Giovedì 14 Giugno 2018
La paura dell'inchiesta
Quello che girava ieri, a caldo, era la copia pdf dell'ordinanza che non permetteva la ricerca delle singole parole. Un problema mica da poco. Tutti i parlamentari romani e non avevano a cuore soprattutto un aspetto: confermare che il loro nome e cognome non comparisse in quelle carte. E per farlo bisognava leggere tutte e 280 le pagine. 

Non meno preoccupazione deriva dal fatto che a brevissimo cominceranno gli interrogatori di garanzia da cui potrebbero emergere ulteriori responsabilità e e dettagli sulla controversa vicenda stadio, un'opera che il M5S decise di sbloccare e realizzare grazie all'aiuto e alla mediazione dell'avvocato Luca Lanzalone

Ecco perché il Transatlantico era ed è percorso da un fremito nervoso. Solo pochi parlamentari si aggirano calmissimi. E sono quelli che hanno sempre criticato certe infiltrazioni. Come il senatore Elio Lannutti che ribadisce fermezza: «Coraggio, nessuna indulgenza per chi sbaglia e cerca anche in queste ore di infiltrarsi e riciclarsi». Ieri, lui, non aveva dubbi sulla situazione emersa grazie all'inchiesta. «Chi sbaglia deve andare in galera», scriveva già ieri.    

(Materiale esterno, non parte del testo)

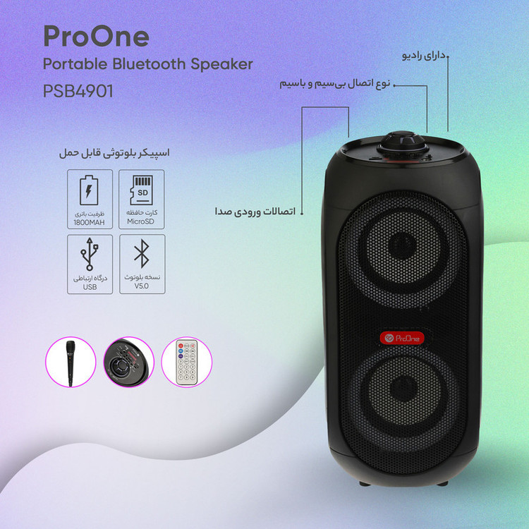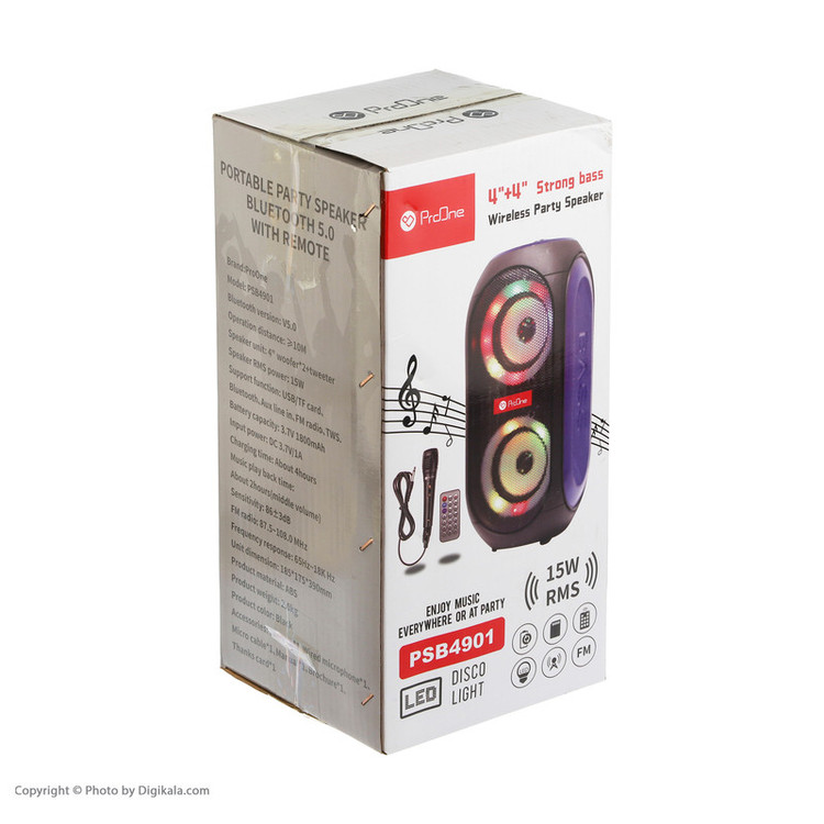 اسپیکر پرووان PSB4901 ازتولیدات اخیر شرکت پرووان در زمینه اسپیکرهای بیسیم است. اسپیکر پرووان PSB4901 از یک باتری 1800 میلی آمپر بهره میبرد. باتری این اسپیکر از نوع لیتیم پلیمر قابل تعویض است. این اسپیکر دو باند 4 اینچی دارد که با توان خروجی 15 وات میتواند به مدت 2 ساعت برای شما پخش موسیقی انجام دهد. اسپیکر پرووان PSB4901 از قابلیت TWS پشتیبانی میکند. شما با استفاده از این فناوری میتوانید دو اسپیکر با مدلهای یکسان را به یکدیگر متصل کرده و به صورت هم زمان از آنها استفاده کنید. بلوتوث این اسپیکر نسخه 5 است که میتوانید از آن برای متصل شدن دستگاهتان استفاده کنید و تا برد 10 از آن استفاده کنید نگران قطع شدن اتصال نباشید. شارژ اسپیکر پرووان PSB4901 از طریق کابل Micro USB انجام میشود و طی مدت زمان 4 ساعت از صفر تا صد شارژ میشود. اسپیکر پرووان PSB4901 در ابعادی معادل طول 185، عرض 175 و ارتفاع 390 میلی متر تولید شده است. این اسپیکر وزنی معادل 2 کیلوگرم دارد که به راحتی میتوانید آن را حمل کنید. یک نمایشگر روی اسپیکر تعبیه شده است که با استفاده از آن میتوانید اطلاعات پخش دستگاه و یا موسیقی مورد نظرتان را مشاهده کنید. از دیگر ویژگیهای این اسپیکر میتوان به وجود ورودی برای میکروفون اشاره کرد یعنی هم زمان میتوانید از میکروفون هم استفاده کنید. از بخشهای جذاب و منحصر به فرد اسپیکر پرووان PSB4901 میتوان به رقص نور و روشنایی آن اشاره کرد که دارای LED های رنگی می باشد.در قسمت داخلی اسپیکر PSB4901 نواری از نورهای LED وحود دارند که به زیبایی محصول میافزایند. هم چنین در قسمت بالایی اسپیکر محفظه برای کارت micro sd وجود دارد. شما میتوانید از طریق ورودی کابل AUX نیز نسبت به وصل کردن دستگاهتان و پخش موسیقی مد نظرتان اقدام کنید. اسپیکر پرووان PSB4901 در رنگ مشکی تولید و به بازار ارائه شده است. از اقلام همراه این کالا میتوان به یک میکروفون سیم دار ، ریموت کنترل و یک سیم میکرو جهت شارژ اسپیکر اشاره کرد.

Furiosi sono gli attivisti del tavolo Urbanistica, il gruppo di militanti volontari, di cui fa parte anche la consigliera Cristina Grancio, che per anni aveva analizzato e criticato il progetto stadio. Così come per mesi cercò di comunicare con la sindaca. Il gruppo capitanato dall'architetto Francesco Sanvitto ora chiede una disanima di tutti gli atti amministrativi. «Visto che sono stati inutili tutti i tentativi fatti con l'attuale maggioranza per realizzare uno stadio che rispettasse le procedure e le norme dell' urbanistica pensiamo che la nostra Associazione debba poter pretendere una verifica di ogni atto amministrativo in corso ed una verifica delle dichiarazioni false fatte dagli Amministratori capitolini come quando dichiarano che le "osservazioni" pervenute sono solo 31 mentre noi sappiamo che ne sono state presentate almeno tre volte di più», scrive Sanvitto.